COMMENTARY: Breaking Up Is the Right Thing to Do

c. 2006 Religion News Service (UNDATED) In the wake of the midterm elections, here’s one American who’s ready for a divorce. Not for myself, but for the modern-day alliance between politics and religion. As with a couple who never belonged together in the first place, it’s past time these two separated. It’s hard to pinpoint […]

c. 2006 Religion News Service

(UNDATED) In the wake of the midterm elections, here’s one American who’s ready for a divorce.

Not for myself, but for the modern-day alliance between politics and religion. As with a couple who never belonged together in the first place, it’s past time these two separated.


It’s hard to pinpoint the exact date of their union, although certainly we can say that their passion has reached an all-time high in recent years.

But like lovers who come to a point at which they’re no longer good for each other, if indeed they ever were, this couple is overdue for a breakup.

So let the divorce proceedings begin. Let the grounds be incompatibility. And let me weigh in on the side of religion. It does not belong in a lovey-dovey relationship with politicians.

You can tell me until you’re blue in the face that believers in general and Christians in particular have a duty and a right to be involved in politics. I will concede that such a right exists.

But duty? Please.

Have we not learned anything from 2,000 years of Christianity?

It’s one thing for people of faith to become involved in politics and to work for the betterment of society. It’s natural and desirable for people to promote a moral foundation for their nation’s conduct.

But whenever church and state are too closely aligned, neither is well-served. Nor are the people they represent.

Such is the case, of late, with the Republican Party and the so-called “religious right.”


They got along best when they were in a friendly relationship. Each could keep its independence while sharing common goals with the other.

Though different, their priorities _ staying in office and serving God, respectively _ often dovetailed.
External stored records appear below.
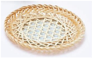
22-610 m 六ツ目茶托 φ10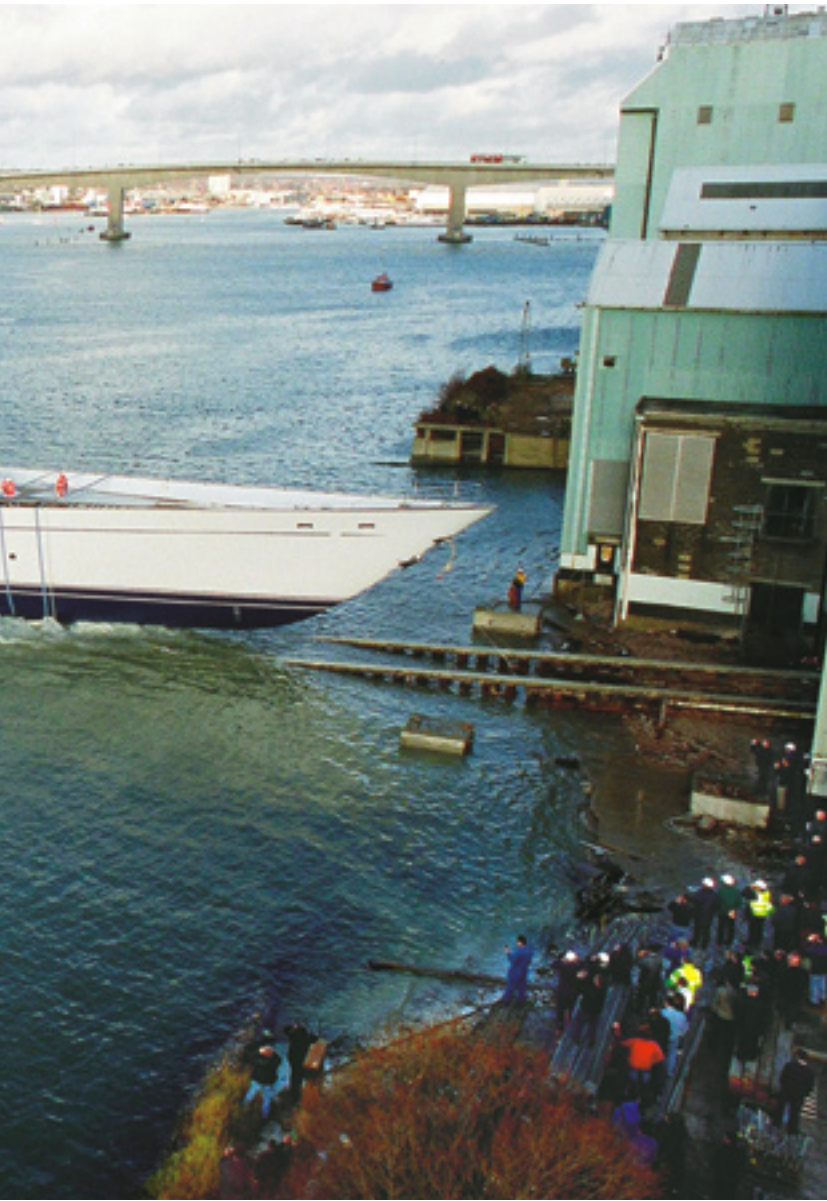
m ad dlkasjdfofj lkj lkjl lk lk lk jlk j lkj lk jl kj lk jlkj lkjlkjlkjlkolum volorem nos adignit veliquisse.

anden. Yachtens egen vinkælder vil ifølge sejlbadens ejer altid ligge inde med det ypperste fra druedyrkernes verden.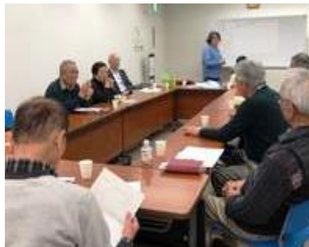
4/2(火)正会員ミーティング (入新井会議室)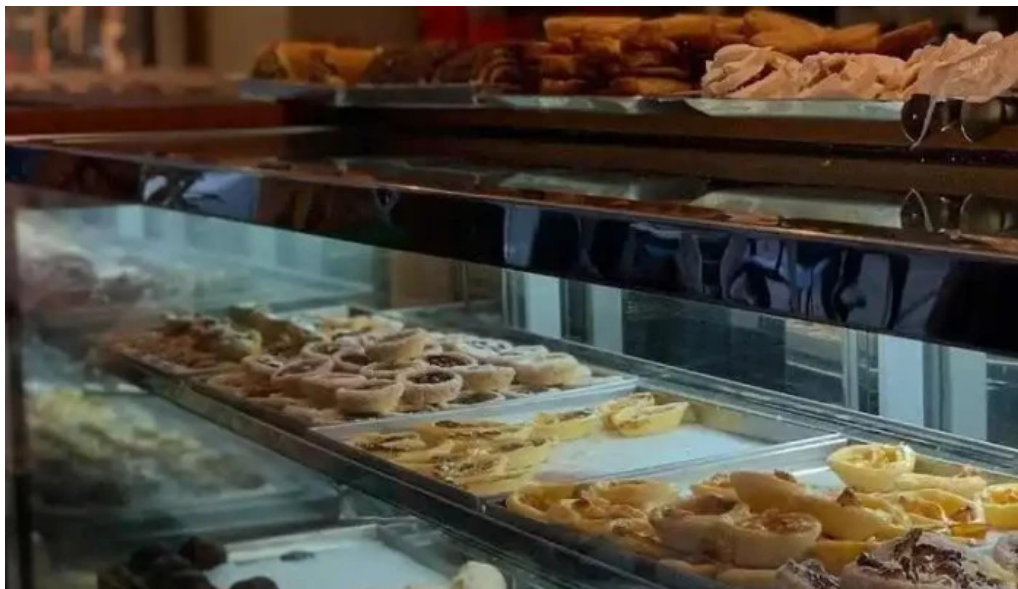
Confiteria city ambiente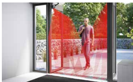
Oberoende av golvtyp

What better way for believers to serve God than to promote a moral society? And what better way for politicians to get and stay elected than to help those believers _ who are usually voters _ promote a moral society?

Alas, over time, votes and voters began to matter too much to the politicians, and the chance to personally influence public policy while rubbing elbows with famous politicians began to matter too much to the religious right.
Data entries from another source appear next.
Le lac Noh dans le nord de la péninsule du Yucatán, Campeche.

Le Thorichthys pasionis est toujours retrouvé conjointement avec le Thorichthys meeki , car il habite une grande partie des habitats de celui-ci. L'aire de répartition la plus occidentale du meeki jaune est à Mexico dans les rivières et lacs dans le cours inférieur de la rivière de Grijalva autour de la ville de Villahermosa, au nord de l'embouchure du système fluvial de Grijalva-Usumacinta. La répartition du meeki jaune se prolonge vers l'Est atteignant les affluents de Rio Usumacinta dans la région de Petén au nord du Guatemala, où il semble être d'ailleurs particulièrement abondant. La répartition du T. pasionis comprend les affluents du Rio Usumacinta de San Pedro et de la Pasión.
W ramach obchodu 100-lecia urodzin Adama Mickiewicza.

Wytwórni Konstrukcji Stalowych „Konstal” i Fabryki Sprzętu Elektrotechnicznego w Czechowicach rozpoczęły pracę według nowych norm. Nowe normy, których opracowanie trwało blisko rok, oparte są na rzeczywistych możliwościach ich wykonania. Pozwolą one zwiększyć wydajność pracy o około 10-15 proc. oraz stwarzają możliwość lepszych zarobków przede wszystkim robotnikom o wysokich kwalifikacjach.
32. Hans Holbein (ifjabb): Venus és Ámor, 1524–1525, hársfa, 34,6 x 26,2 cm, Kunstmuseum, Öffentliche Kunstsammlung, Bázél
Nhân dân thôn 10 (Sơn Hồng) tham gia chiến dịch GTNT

Thus did a friendly relationship become intimate and inappropriate.

Now party leaders view conservative Christians as “values voters,” with an obvious emphasis on “voters.” They cultivate high-profile church leaders like James Dobson and the recently disgraced Ted Haggard because they know that happy Christians are voting Christians.

Shame on the party leaders.

Shame, too, on religious leaders who fail to realize that they’re being taken advantage of. They’ve allowed themselves to be used as vote-getters when their mission is to be shepherds.


The beloved evangelical leader Billy Graham, now elderly and infirm, advises religious leaders to learn from his mistakes. He admits that over the years he unwisely permitted himself to be used by Democratic and Republican presidents alike.

Now a new generation of religious leaders has been used, as confirmed by David Kuo, once the No. 2 man in the White House Office of Faith-Based and Community Initiatives. In his book, “Tempting Faith,” Kuo quotes White House staffers as referring to some religious-right leaders as “nuts,” “goofy” and “boorish.”

So much for respect.

Then again, religious leaders should not worry about earning the respect of politicians. They should worry about serving their flocks and their Master.

Neither has anything to do with politics.

KRE/PH/JL END COLEMAN

(Frances Coleman writes for The Press-Register of Mobile, Ala.)